Re: [RFC PATCH 4/5] acpi/hmat: Register special purpose memory as a device

From: Dan Williams
Date: Fri Apr 05 2019 - 11:43:17 EST


On Fri, Apr 5, 2019 at 4:19 AM Jonathan Cameron
<jonathan.cameron@xxxxxxxxxx> wrote:
>
> On Thu, 4 Apr 2019 12:08:49 -0700
> Dan Williams <dan.j.williams@xxxxxxxxx> wrote:
>
> > Memory that has been tagged EFI_SPECIAL_PURPOSE, and has performance
> > properties described by the ACPI HMAT is expected to have an application
> > specific consumer.
> >
> > Those consumers may want 100% of the memory capacity to be reserved from
> > any usage by the kernel.
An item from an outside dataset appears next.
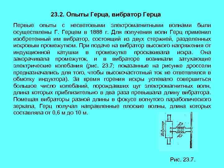 23. 2. Опыты Герца, вибратор Герца Первые опыты с несветовыми электромагнитными волнами были осуществлены Г. Герцем в 1888 г. Для получения волн Герц применил изобретенный им вибратор, состоящий из двух стержней, разделенных искровым промежутком. При подаче на вибратор высокого напряжения от индукционной катушки в промежутке проскакивала искра. Она закорачивала промежуток, и в вибраторе возникали затухающие электрические колебания (рис. 23. 7; показанные на рисунке дроссели предназначались для того, чтобы высокочастотный ток не ответвлялся в обмотку индуктора). За время горения искры успевало совершиться большое число колебаний, порождавших цуг электромагнитных волн, длина которых приблизительно в два раза превышала длину вибратора. Помещая вибраторы разной длины в фокусе вогнутого параболического зеркала, Герц получал направленные плоские волны, длина которых составляла от 0, 6 м до 10 м. Рис. 23. 7.

By default, with this enabling, a platform
> > device is created to represent this differentiated resource.
> >
> > A follow on change arranges for device-dax to claim these devices by
> > default and provide an mmap interface for the target application.
> > However, if the administrator prefers that some or all of the special
> > purpose memory is made available to the core-mm the device-dax hotplug
> > facility can be used to online the memory with its own numa node.
> >
> > Cc: "Rafael J. Wysocki" <rjw@xxxxxxxxxxxxx>
> > Cc: Len Brown <lenb@xxxxxxxxxx>
> > Cc: Keith Busch <keith.busch@xxxxxxxxx>
> > Cc: Jonathan Cameron <Jonathan.Cameron@xxxxxxxxxx>
> > Signed-off-by: Dan Williams <dan.j.williams@xxxxxxxxx>
>
> Hi Dan,
>
> Great to see you getting this discussion going so fast and in
> general the approach makes sense to me.
>
> I'm a little confused why HMAT has anything to do with this.
> SPM is defined either via the attribute in SRAT SPA entries,
> EF_MEMORY_SP or via the EFI memory map.
>
> Whether it is in HMAT or not isn't all that relevant.
> Back in the days of the reservation hint (so before yesterday :)
> it was relevant obviously but that's no longer true.
>
> So what am I missing?

It's a good question, and an assumption I should have explicitly
declared in the changelog. The problem with EFI_MEMORY_SP is the same
as the problem with the EfiPersistentMemory type, it isn't precise
enough on its own for the kernel to delineate 'type' or
device/replaceable-unit boundaries. For example, I expect one
EFI_MEMORY_SP range of a specific type may be contiguous with another
range of a different type. Similar to the NFIT there is no requirement
in the specification that platform firmware inject multiple range
entries. Instead that precision is left to the SRAT + HMAT, or the
NFIT in the case of PMEM.

Conversely, and thinking through this a bit more, if a memory range is
"special", but the platform fails to enumerate it in HMAT I think
Linux should scream loudly that the firmware is broken and leave the
range alone. The "scream loudly" piece is missing in the current set,
but the "leave the range alone" functionality is included.